→ **EXTRACTED MATERIAL**:
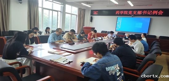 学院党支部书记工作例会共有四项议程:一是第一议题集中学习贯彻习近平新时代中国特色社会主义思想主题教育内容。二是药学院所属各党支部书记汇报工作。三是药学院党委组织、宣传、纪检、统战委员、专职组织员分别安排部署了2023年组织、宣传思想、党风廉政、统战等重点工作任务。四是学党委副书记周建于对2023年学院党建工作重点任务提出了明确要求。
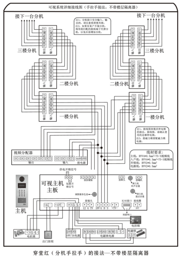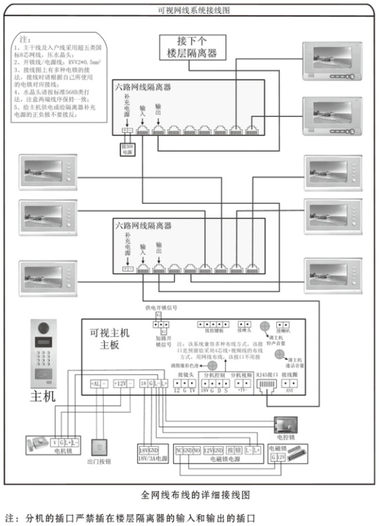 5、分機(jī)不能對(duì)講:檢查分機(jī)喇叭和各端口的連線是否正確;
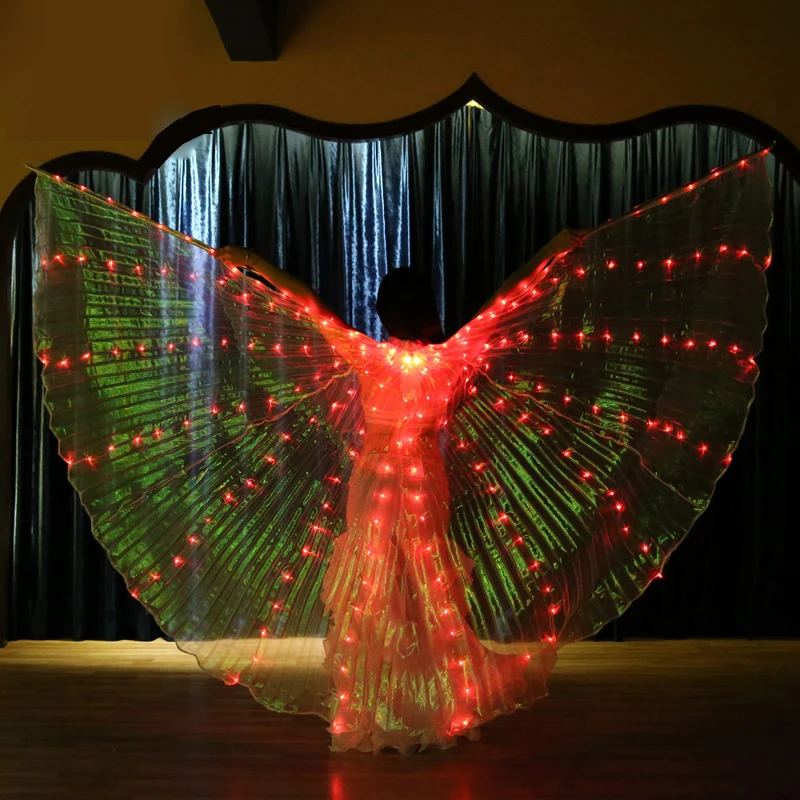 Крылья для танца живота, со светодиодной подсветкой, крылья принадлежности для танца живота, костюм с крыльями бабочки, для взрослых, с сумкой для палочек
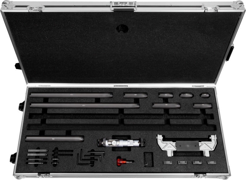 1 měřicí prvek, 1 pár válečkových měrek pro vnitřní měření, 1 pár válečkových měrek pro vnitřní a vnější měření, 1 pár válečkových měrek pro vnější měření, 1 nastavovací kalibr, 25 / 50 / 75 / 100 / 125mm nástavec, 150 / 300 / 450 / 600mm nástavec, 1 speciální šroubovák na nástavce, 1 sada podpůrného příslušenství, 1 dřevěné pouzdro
---
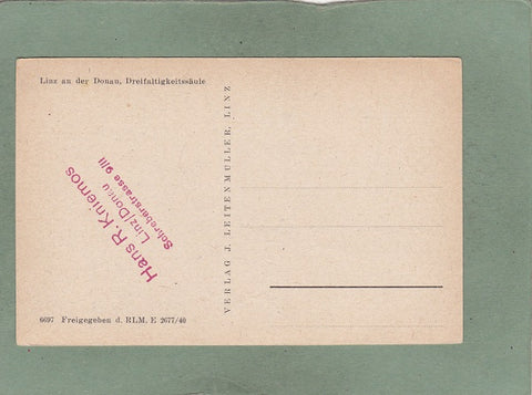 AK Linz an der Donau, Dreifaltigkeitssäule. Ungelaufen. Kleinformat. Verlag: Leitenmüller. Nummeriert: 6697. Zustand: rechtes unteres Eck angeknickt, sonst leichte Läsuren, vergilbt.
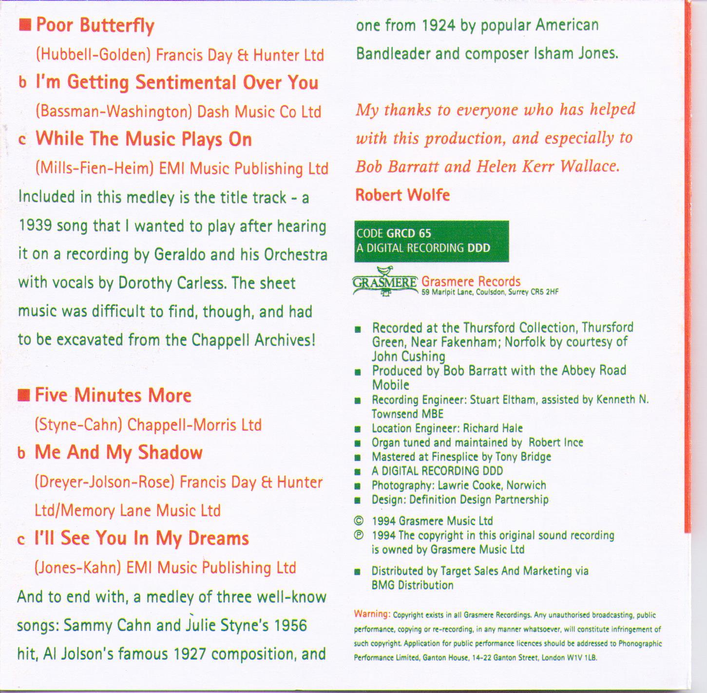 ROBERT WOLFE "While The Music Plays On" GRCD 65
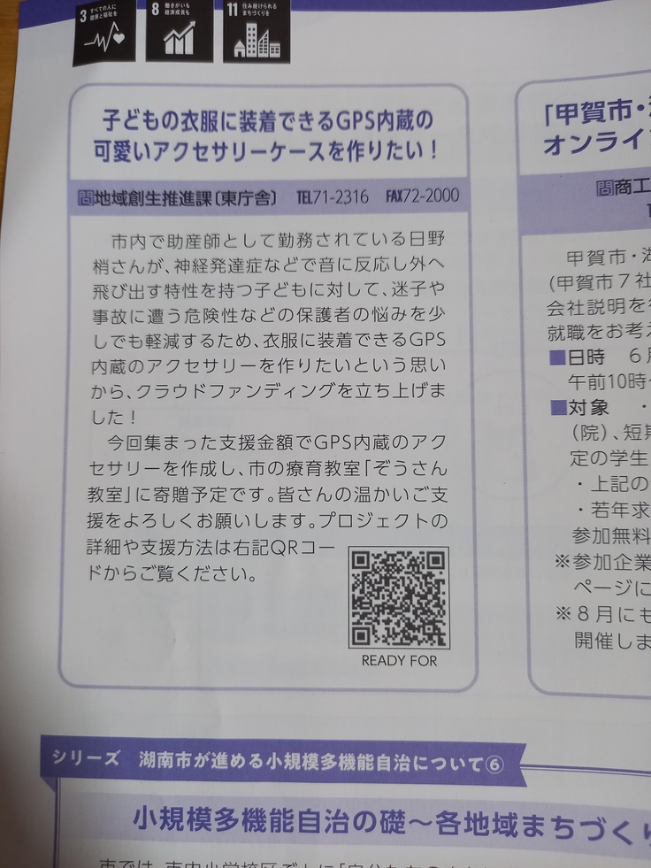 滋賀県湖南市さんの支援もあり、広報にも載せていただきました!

→ **TASK DESCRIPTION**: Go back to the listing above and reproduce, exactly, the stretch from the line bearing "学院党支部书记工作例会共有四" through the line bearing "5、分機(jī)不能對(du", without its pictures.

→ **RESPONSE AREA**:
 学院党支部书记工作例会共有四项议程:一是第一议题集中学习贯彻习近平新时代中国特色社会主义思想主题教育内容。二是药学院所属各党支部书记汇报工作。三是药学院党委组织、宣传、纪检、统战委员、专职组织员分别安排部署了2023年组织、宣传思想、党风廉政、统战等重点工作任务。四是学党委副书记周建于对2023年学院党建工作重点任务提出了明确要求。
 5、分機(jī)不能對(duì)講:檢查分機(jī)喇叭和各端口的連線是否正確;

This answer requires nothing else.